The video of the interview is below:

3. Immigration

Martin O'Malley has received praise for his record on immigration from reform advocates.

In 2014, Rep. Luis Gutiérrez (D-Ill.) called O'Malley a "champion" of immigration. O'Malley signed laws making DREAMers, undocumented immigrants who were brought to the U.S. as children, eligible for in-state tuition and drivers licenses. During the refugee crisis at the border during the summer of 2014, O'Malley criticized President Obama for deporting the Central American children and their families back to countries plagued with violence.

"Martin O'Malley, in his history as governor of Maryland, has been a real hero for the immigrant community," Kim Propeack, chief of political communication for CASA de Maryland, told NBC News. "He not only supported many groundbreaking reforms in the state, he also became a national spokesperson for immigrant families and their human rights, especially the unaccompanied minors who arrived in droves on the border last year."

4. LGBT rights

When O'Malley ran for governor, he ran as an advocate for civil unions. When in office, however, he proposed, supported, and eventually signed a bill that led to legal same-sex marriage in Maryland beginning on January 1, 2013. Here's Martin O'Malley discussing same-sex marriage with the Des Moines Register:

In 2014, Martin O'Malley signed a law banning discrimination against transgender Marylanders, joining D.C. and 17 other states with laws protecting the transgender community from discrimination.

5. The environment.

O'Malley has a strong, pro-environment record. Grist calls him a "climate hawk" and published a great profile on O'Malley's environmental action as governor.

So what does being a "climate hawk" entail? In 2006, he signed a law aimed at reducing Maryland's carbon emissions by 25 percent from 2006 levels by 2020 and created ClimateStat, a program with quarterly meetings to monitor the reduction. O'Malley also focused on projects like cleaning up the Chesapeake Bay, planting more trees on both public and private land, adopting the Clean Cars Act, and expanding public transit.

Also, according to Grist, he has the trust of Maryland environmental activists.

“I deal with a lot of politicians in my work as a climate advocate,” Director of the Chesapeake Climate Action Network, Mike Tidwell, told Grist. “Martin O’Malley, more than any politician I know, really loses sleep over climate change.

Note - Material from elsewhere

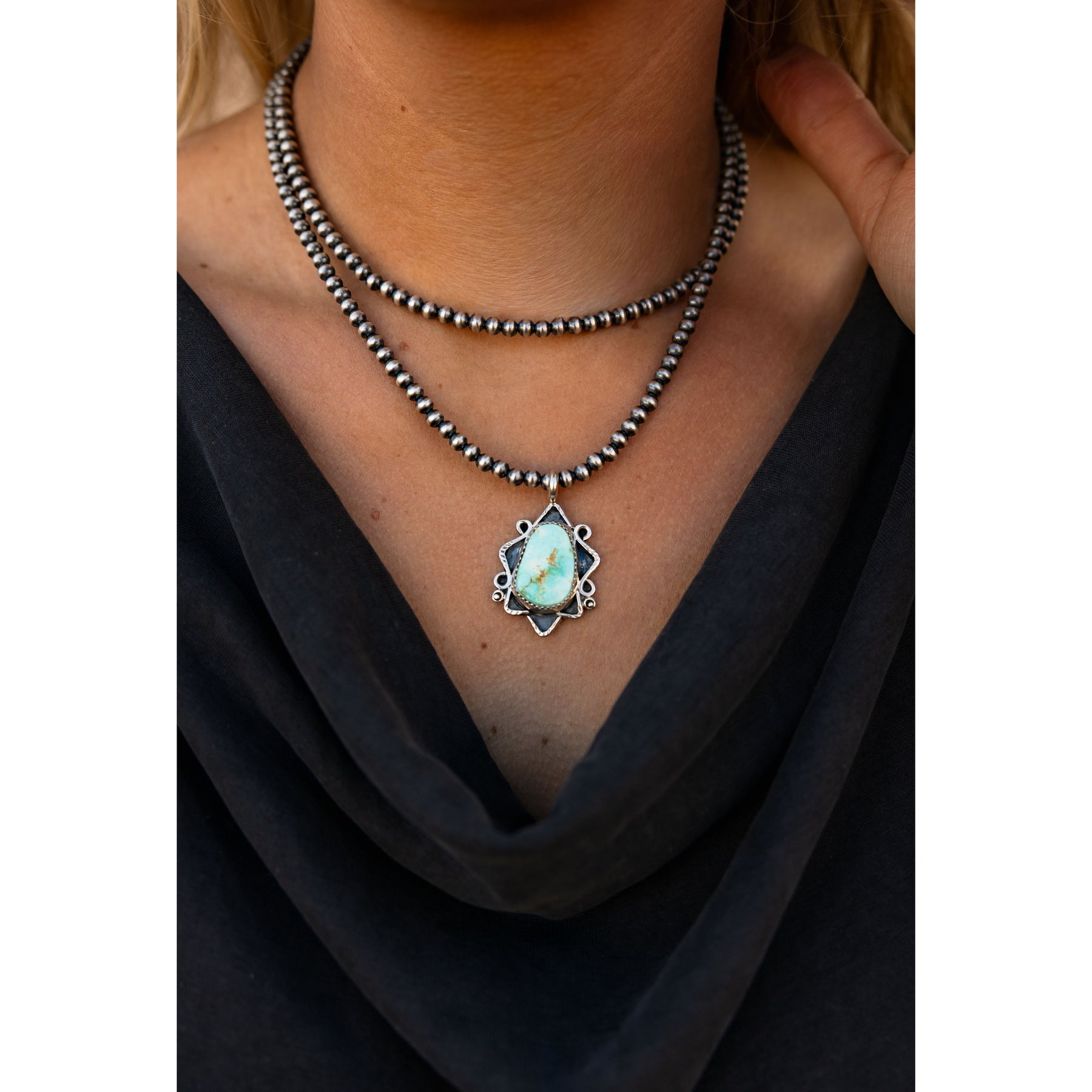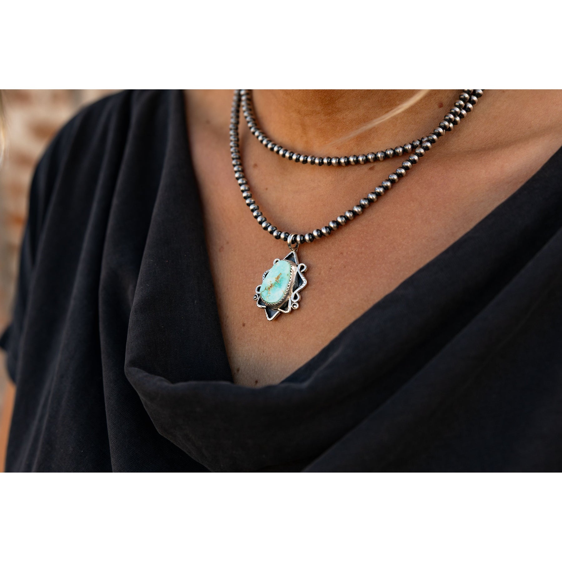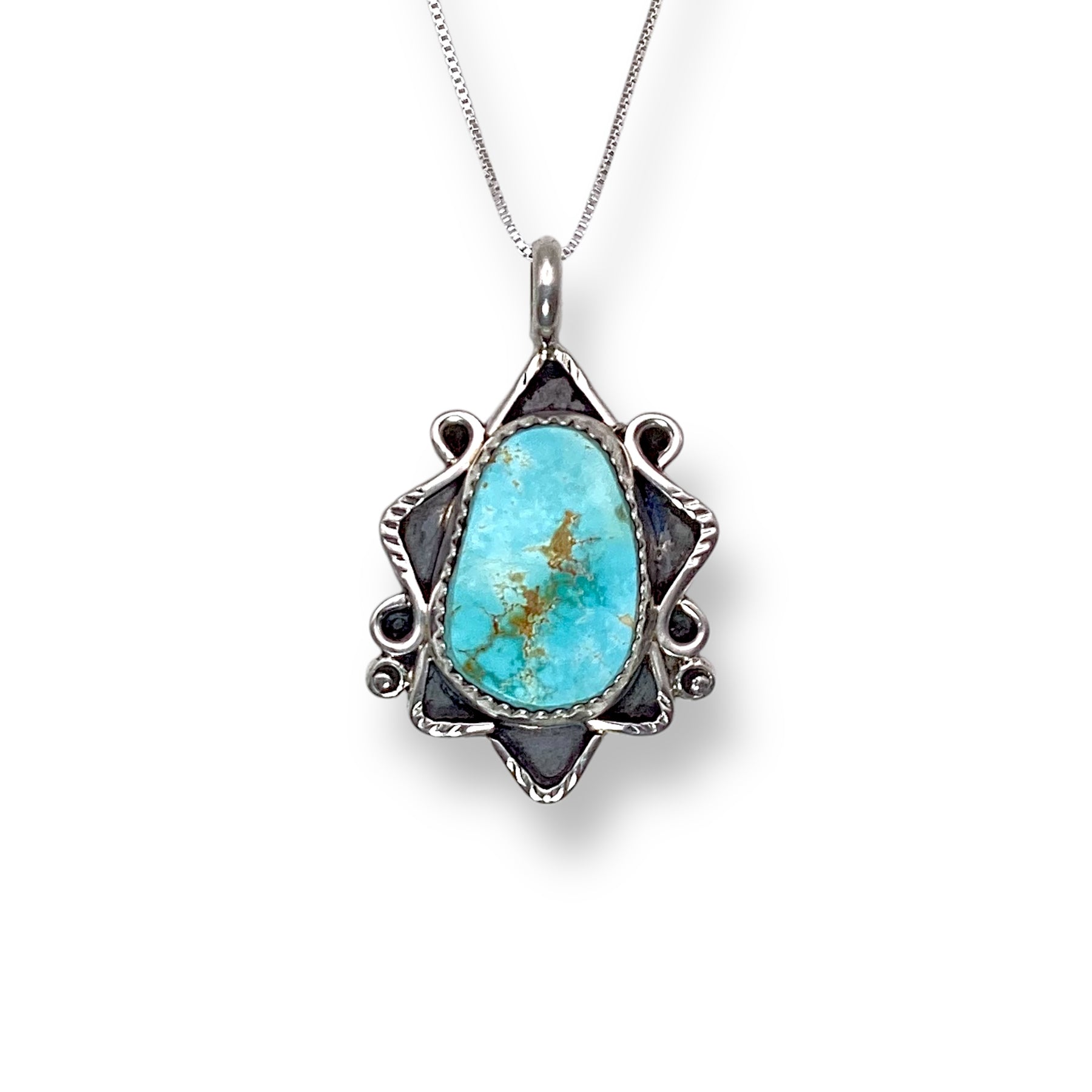 Handmade by Navajo artist Lyanne Goodluck, this pendant feels like a little slice of desert magic you can wear. The Royston Turquoise — all dreamy greens and blues — rests in a sawtooth bezel with soft, soulful silverwork that gives it that perfectly lived-in, free-spirited feel. It’s the kind of piece that looks like it’s already been on a few adventures.

He is deeply concerned about climate change and his actions over the last eight years reveal that. He’s pushed the envelope more than anyone I’ve seen."

O'Malley's pitfalls include proposing a trash-to-energy program in the majority African American city of Baltimore, upsetting environmental justice activists, who point out that it would worsen already polluted air. At the end of his time in office, O'Malley also allowed limited fracking, but some see that as a preemptive measure to implement strict fracking regulations prior to a pro-fracking governor coming into office. (That Republican, it turns out, is okay with a recently passed fracking ban in the state.) Environmentalists were also frustrated with the delayed action on reducing phosphorous runoff into the bay. "The rules were intended to limit how much chicken manure farmers may use as fertilizer," the Baltimore Sun explains. "When it rains, the runoff washes phosphorus into the bay." These rules didn't go into effect until the very end of his term.